• EXERCISE GOAL: Using the material below, print the line that contains "Progress pembuatan ornamen", the line that contains "Dazharion@lemmy.dbzer0.com to RPGMemes", and every line in between, exactly and nothing else.

• EXTRACTED MATERIAL:
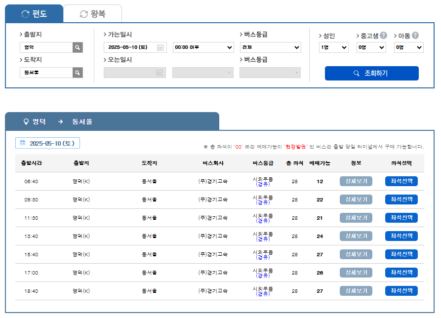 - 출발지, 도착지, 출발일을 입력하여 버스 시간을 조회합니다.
--
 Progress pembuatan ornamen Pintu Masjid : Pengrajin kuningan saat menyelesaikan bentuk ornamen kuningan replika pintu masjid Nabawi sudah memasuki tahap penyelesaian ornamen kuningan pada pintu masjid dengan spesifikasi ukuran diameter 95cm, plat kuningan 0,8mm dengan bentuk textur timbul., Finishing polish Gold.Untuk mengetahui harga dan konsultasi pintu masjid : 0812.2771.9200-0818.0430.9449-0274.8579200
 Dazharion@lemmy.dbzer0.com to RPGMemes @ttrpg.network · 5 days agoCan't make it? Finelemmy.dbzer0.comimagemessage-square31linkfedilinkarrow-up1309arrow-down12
* * *
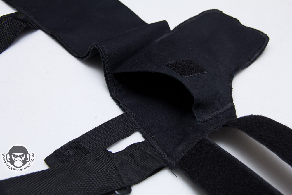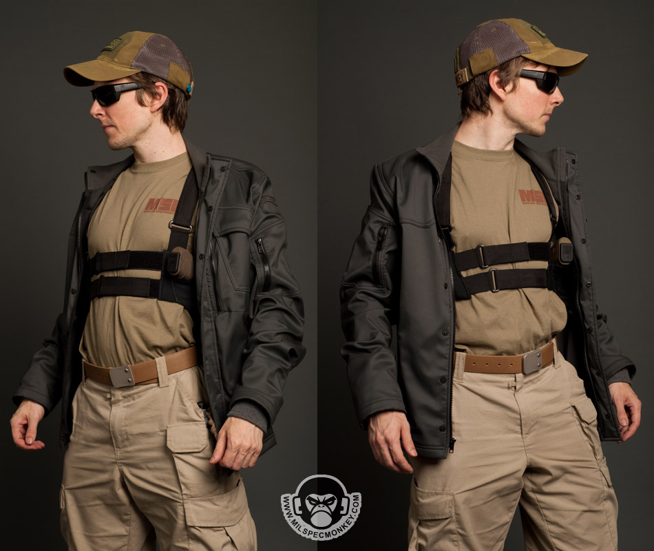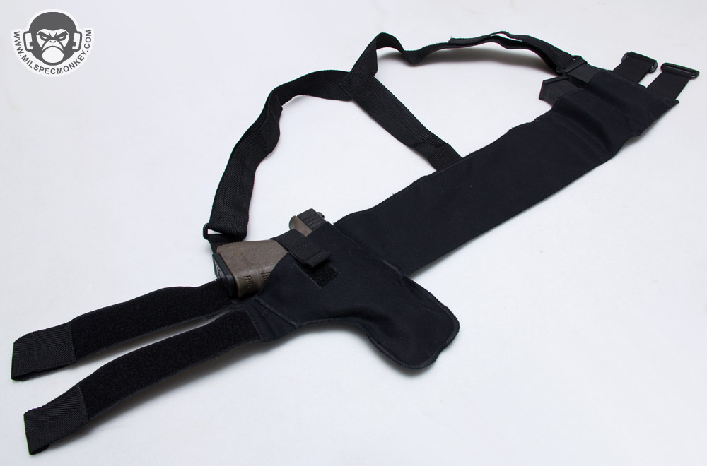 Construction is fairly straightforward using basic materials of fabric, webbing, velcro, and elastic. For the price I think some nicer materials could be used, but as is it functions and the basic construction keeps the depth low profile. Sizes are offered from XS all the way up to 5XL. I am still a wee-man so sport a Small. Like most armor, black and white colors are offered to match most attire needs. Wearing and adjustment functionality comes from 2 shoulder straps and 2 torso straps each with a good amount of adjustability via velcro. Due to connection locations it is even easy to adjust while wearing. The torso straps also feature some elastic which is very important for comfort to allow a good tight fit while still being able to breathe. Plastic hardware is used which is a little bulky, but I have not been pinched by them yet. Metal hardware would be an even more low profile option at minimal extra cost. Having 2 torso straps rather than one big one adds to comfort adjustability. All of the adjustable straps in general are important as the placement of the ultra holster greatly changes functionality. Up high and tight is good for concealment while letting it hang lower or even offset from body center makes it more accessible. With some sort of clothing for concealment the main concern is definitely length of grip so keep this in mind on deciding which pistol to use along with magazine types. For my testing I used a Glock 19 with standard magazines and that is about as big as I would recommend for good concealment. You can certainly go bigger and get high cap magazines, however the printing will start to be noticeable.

• YOUR SOLUTION:
 Progress pembuatan ornamen Pintu Masjid : Pengrajin kuningan saat menyelesaikan bentuk ornamen kuningan replika pintu masjid Nabawi sudah memasuki tahap penyelesaian ornamen kuningan pada pintu masjid dengan spesifikasi ukuran diameter 95cm, plat kuningan 0,8mm dengan bentuk textur timbul., Finishing polish Gold.Untuk mengetahui harga dan konsultasi pintu masjid : 0812.2771.9200-0818.0430.9449-0274.8579200
 Dazharion@lemmy.dbzer0.com to RPGMemes @ttrpg.network · 5 days agoCan't make it? Finelemmy.dbzer0.comimagemessage-square31linkfedilinkarrow-up1309arrow-down12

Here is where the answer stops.